» **To do**
Set down exactly the lines below, starting at the one that contains "한국의 경우 통계청이" and ending at the one that contains "さくら色には染まらないと思っ", with both of those lines included and nothing else.

» **Study material**
· · · · · · ·
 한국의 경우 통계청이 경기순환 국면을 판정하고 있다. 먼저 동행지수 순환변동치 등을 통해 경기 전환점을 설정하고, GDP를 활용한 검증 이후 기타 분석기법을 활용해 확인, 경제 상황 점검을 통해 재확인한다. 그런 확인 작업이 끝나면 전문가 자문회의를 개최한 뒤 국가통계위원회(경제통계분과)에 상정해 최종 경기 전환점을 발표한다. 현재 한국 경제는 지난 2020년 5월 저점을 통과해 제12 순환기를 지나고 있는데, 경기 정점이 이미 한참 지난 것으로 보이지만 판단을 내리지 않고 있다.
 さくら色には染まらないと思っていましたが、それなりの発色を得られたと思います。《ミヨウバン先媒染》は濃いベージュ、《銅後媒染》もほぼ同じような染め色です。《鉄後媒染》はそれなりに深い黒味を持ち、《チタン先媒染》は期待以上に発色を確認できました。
· · · · · · ·
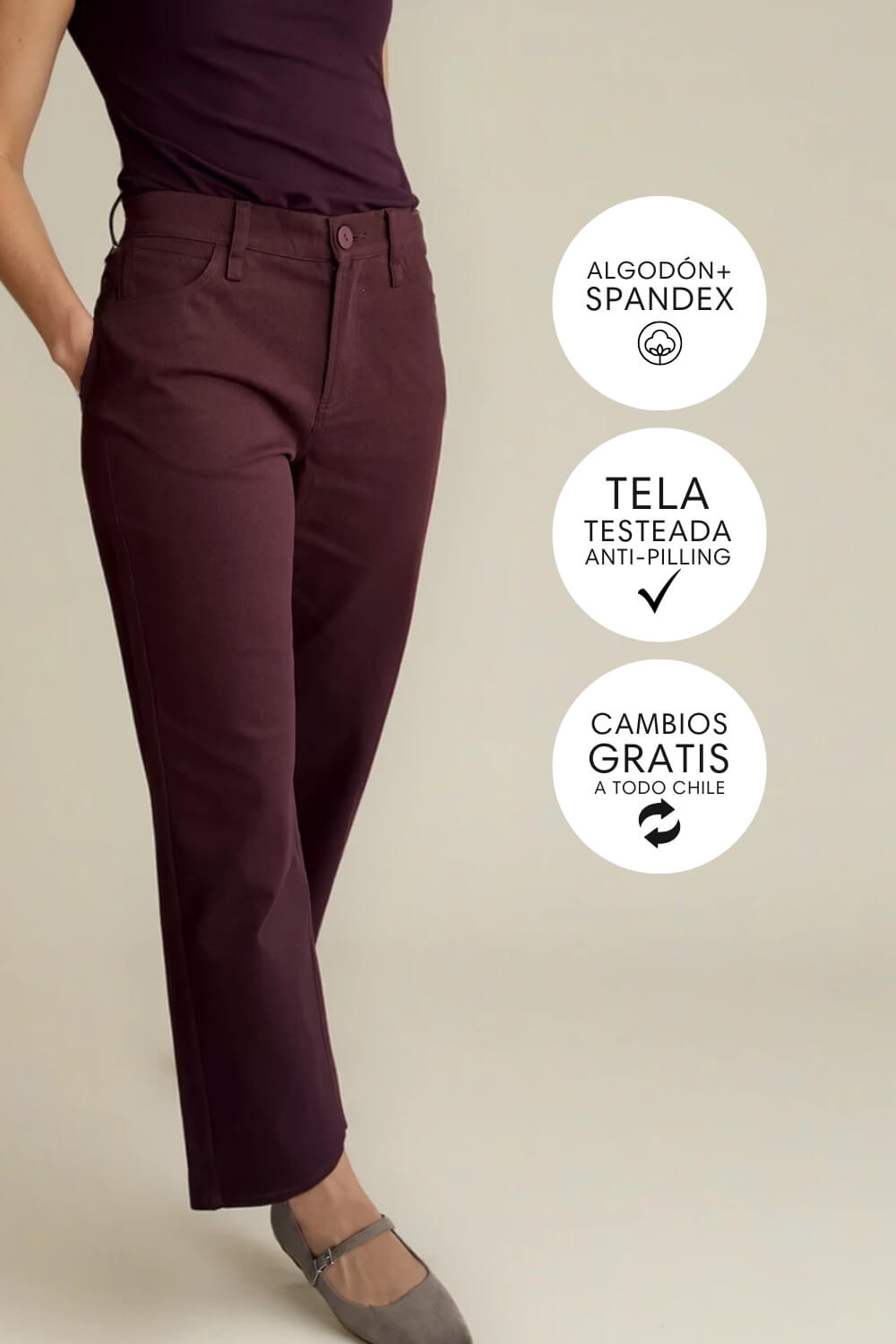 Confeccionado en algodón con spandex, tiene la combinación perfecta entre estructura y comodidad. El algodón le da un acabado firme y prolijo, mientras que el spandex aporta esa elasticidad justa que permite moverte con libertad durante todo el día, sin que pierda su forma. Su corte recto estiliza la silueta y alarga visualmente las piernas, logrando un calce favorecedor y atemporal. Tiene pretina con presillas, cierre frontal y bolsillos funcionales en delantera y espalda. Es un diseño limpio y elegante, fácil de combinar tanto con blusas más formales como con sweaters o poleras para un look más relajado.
· · · · · · ·
» **Solution to this problem**
 한국의 경우 통계청이 경기순환 국면을 판정하고 있다. 먼저 동행지수 순환변동치 등을 통해 경기 전환점을 설정하고, GDP를 활용한 검증 이후 기타 분석기법을 활용해 확인, 경제 상황 점검을 통해 재확인한다. 그런 확인 작업이 끝나면 전문가 자문회의를 개최한 뒤 국가통계위원회(경제통계분과)에 상정해 최종 경기 전환점을 발표한다. 현재 한국 경제는 지난 2020년 5월 저점을 통과해 제12 순환기를 지나고 있는데, 경기 정점이 이미 한참 지난 것으로 보이지만 판단을 내리지 않고 있다.
 さくら色には染まらないと思っていましたが、それなりの発色を得られたと思います。《ミヨウバン先媒染》は濃いベージュ、《銅後媒染》もほぼ同じような染め色です。《鉄後媒染》はそれなりに深い黒味を持ち、《チタン先媒染》は期待以上に発色を確認できました。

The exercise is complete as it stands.